Spatio-temporal models

A number of studies also focused on including spatial properties of liver regeneration. Already half a century ago, an ODE-based model for cells at the sinusoidal scale was presented (Sendov and Tsanev, 1968), involving proteins, ribosomes, DNA, and mechanisms predicting cellular death and division. Such models could be used to identify hepatocyte-specific triggers when applying general cell cycle models (see e.g., Kriete et al., 2014). A mechanistic model at the cellular and lobular scale for liver regeneration after CCl4-induced damage at the lobule scale in mice was used to show that not only hepatocyte proliferation but also coordinated cell orientation as well as cell polarity are critical aspects ensuring restoration of the lobular micro-architecture (Höhme et al., 2007; Hoehme et al., 2010).

One common approach for spatio-temporal continuum models of regeneration is using mixture theory (multiphasic approaches) embedded into a biomechanical framework. This allows the integration of underlying biological mechanisms, see among others (Humphrey, 2003; Amar and Goriely, 2005; Ambrosi et al., 2017). The field of growth and remodeling in biomechanics is covered by one-phasic (Menzel and Kuhl, 2012) as well as bi-phasic (Ricken and Bluhm, 2009) approaches. Remodeling processes are presented in Ricken et al. (2010), where a mechanical biphasic model was developed and the effect of outflow obstruction on liver remodeling and hepatic perfusion was studied. Dealing with coupled solid-fluid interaction, a mixture framework using the finite element method was presented (Ricken et al., 2015). This approach allows calculating tissue growth depending on nutrient supply, e.g., diet high of free fatty acids (Waschinsky et al., 2016).

Network models

Furthermore, omics-based network models are commonly used for the initial identification of genes and proteins involved in liver regeneration and are thus used to identify key-molecules to be considered in mechanistic models. However, few studies have employed mathematical modeling based on genome-wide transcriptomics data for the identification of liver regeneration-associated molecular mechanisms and biological pathways. A correlation-based model was inferred from genome-wide transcriptomics data for the identification of molecular mechanisms underlying regeneration induced by partial hepatectomy (Zhou et al., 2014). This identified de-regulation of several genes associated with hepatocyte proliferation, inflammation, and DNA replication processes.
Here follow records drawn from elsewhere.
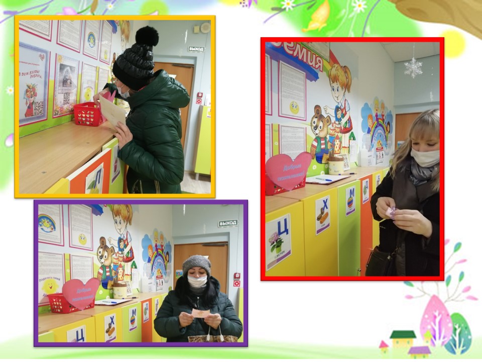 Для проведения акции мы приготовили корзиночку с разными добрыми пожеланиями: хорошего настроения, улыбок от окружающих людей, удачи в делах, и заполнили ими корзинку, которую поставили в приёмной группы. Дети предлагали родителям достать из корзины свиток с позитивным пожеланием на день, но они по - разному реагировали на предложения детей и педагога взять пожелание: кто-то с недоумением, кто- то с интересом, но достав и прочитав наши пожелания – все уходили с улыбкой. Много слов благодарности услышали педагоги от родителей о привитии детям норм нравственности, и уходя проговаривали некоторые из них «Доброта спасет мир!» и улыбались.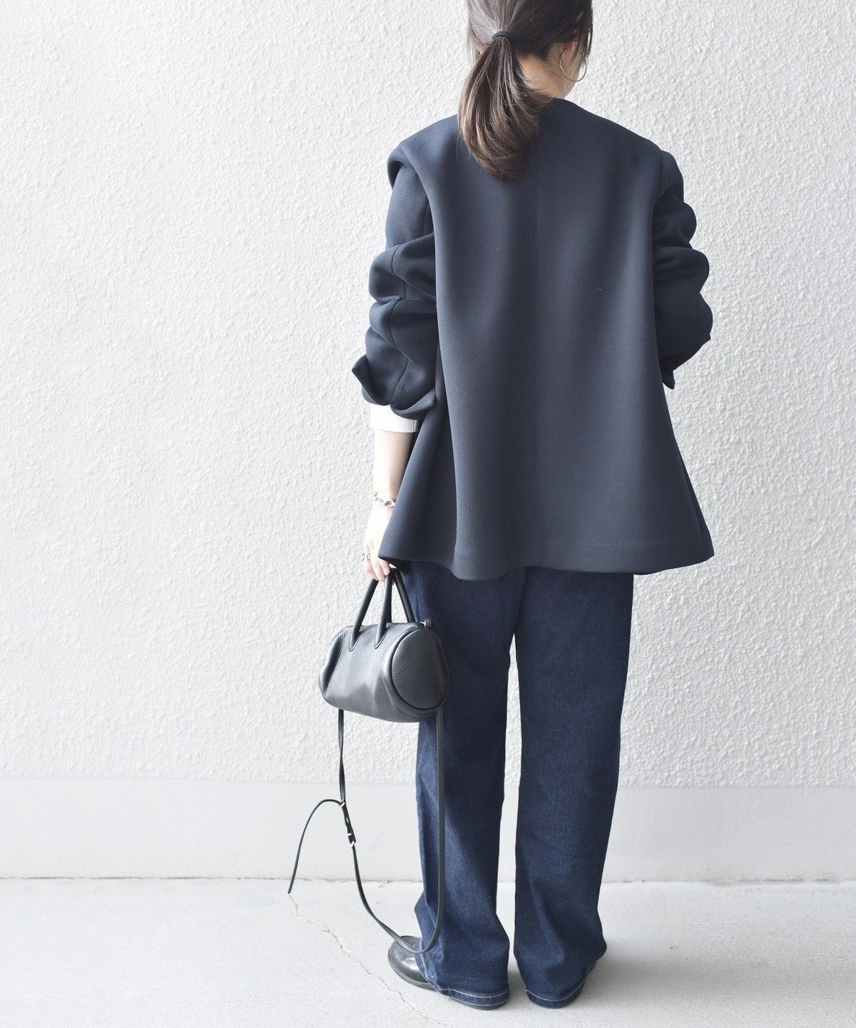 ・女性らしいシルエットとデザインなのでデニムと合わせても大人カジュアルな印象に。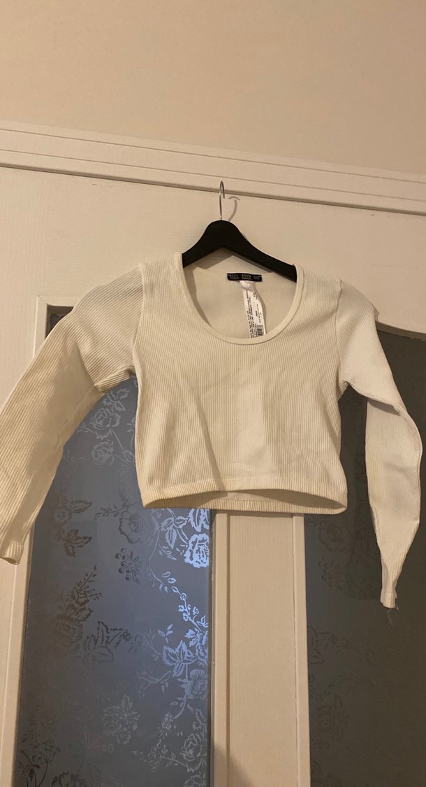 Beyaz Uzun Kollu Crop Top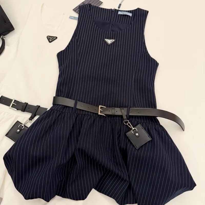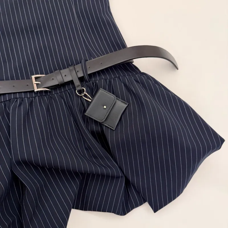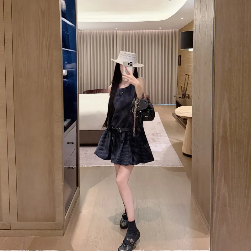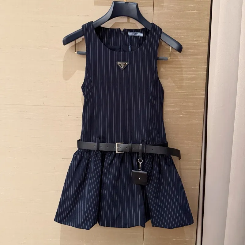 『S-L』好感度100% 質感のいい フェミニン ストライプ ノースリープ フリル ワンピース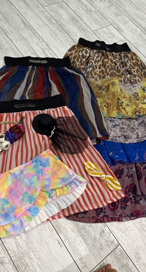 Renkli, pilili ve kiloş mini etekler, tie-dye ve hayvan desenleriyle günlük kullanıma uygundur. Beli lastikli 7 parça olmak üzere 11-12 yaş kız çocuk tütülü etek lastik kısmında beyaz lekeler var ben katlayarak giydirdim Gökkuşağı desenli olan 5 yaş kız etek Aksesuarlarla gönderilecek Bu ürünü alana dolabımdaki beyaz LCW markalı çocuk bluzu ve de mavi balo elbisesi de hediye olarak gönderilecek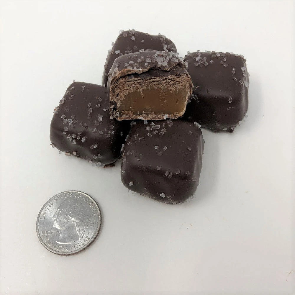 Sugar Free Dark Chocolate Vanilla Caramels with Sea Salt sprinkled on top. A Smooth, Delicious Sugar Free Dark Chocolate Sea Salt Vanilla Caramel!! This listing is for a 1 pound box of gourmet sugar free dark chocolate sea salt vanilla caramels.
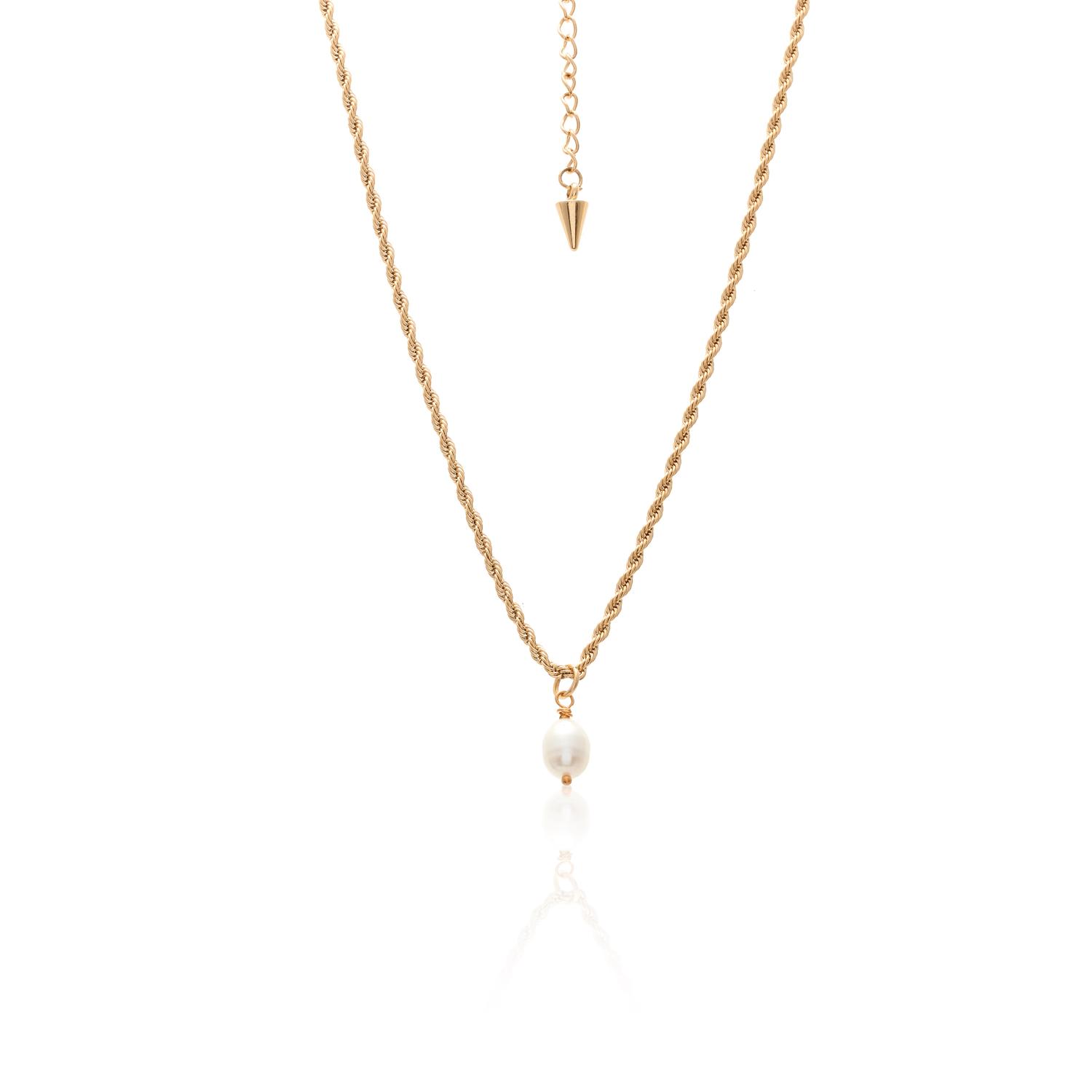 Tresor Necklace Pearl & Gold – Freshwater Pearl Peandant On Twisted rope Chain in 14k Gold plated stainless steel. Extension chain with spike and S Charm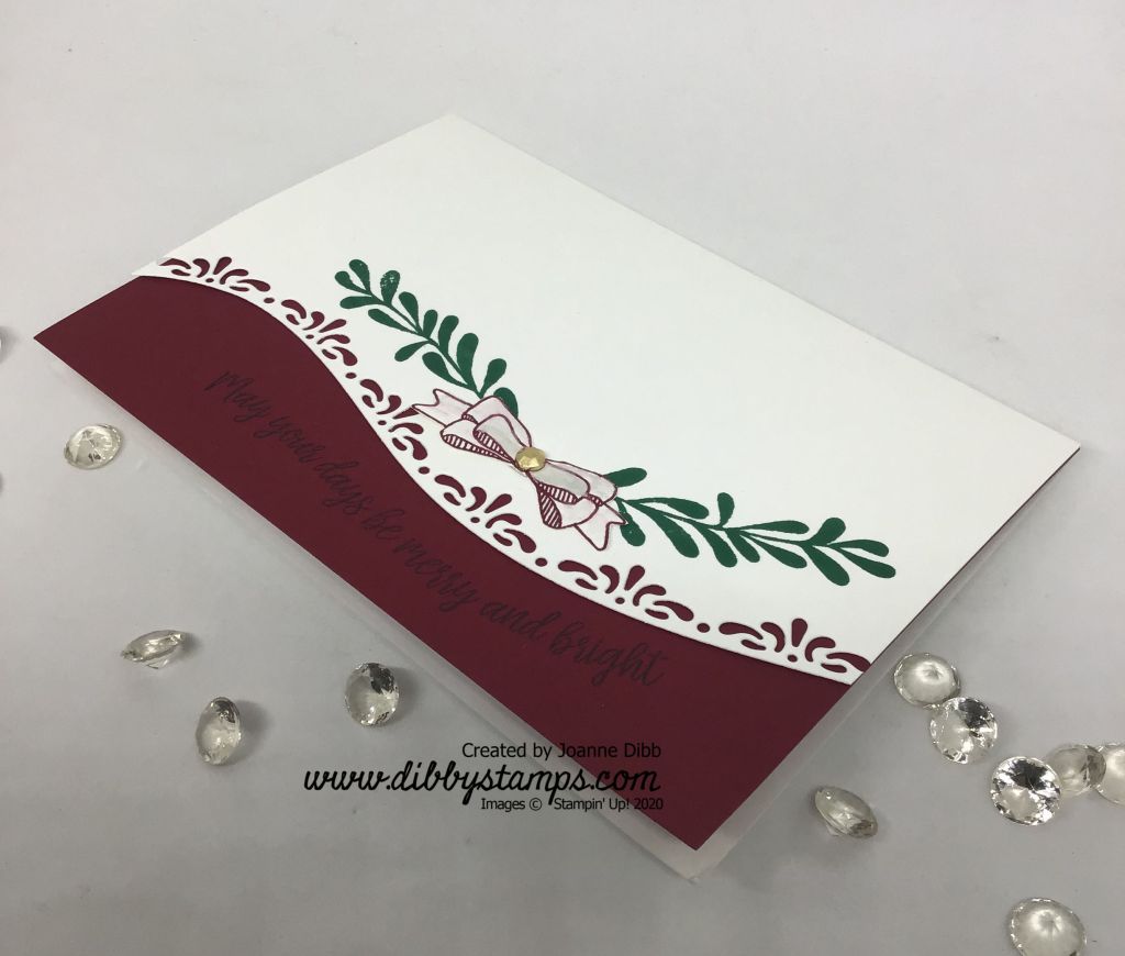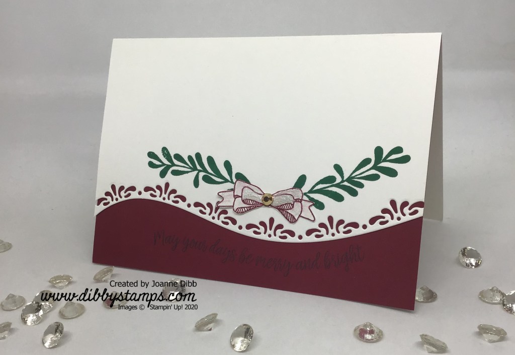I added the greeting “May your days be Merry and Bright” to the Cherry Cobbler cardstock at the bottom of the card and added some mistletoe sprigs in Shaded Spruce just abouve the filigree.

Models of liver function recovery

Only few models of recovery of liver function have been reported, most of them being phenomenological. Liver function (in particular the lack thereof) has mostly been addressed in terms of postoperative liver failure. Well-known risk factors for postoperative liver failure are, e.g., preexisting disease, age, nutrition (Hammond et al., 2011). The risk of liver failure can be predicted partly by preoperative tests and risk-defined score models (Clavien et al., 2007) and additionally by postoperative parameters (Yamanaka et al., 1984).

A mechanistic model (Schliess et al., 2014; Ghallab et al., 2016) of function recovery on the tissue scale deals with the recovery of ammonia detoxification and amino acid metabolism during regeneration after CCl4-induced pericentral necrosis. This model included two selected aspects of liver function and regeneration from damage pattern clearly different from those encountered in surgery, but could be used as a starting point for bridging the cellular and organ scale in regeneration modeling in computational liver surgery.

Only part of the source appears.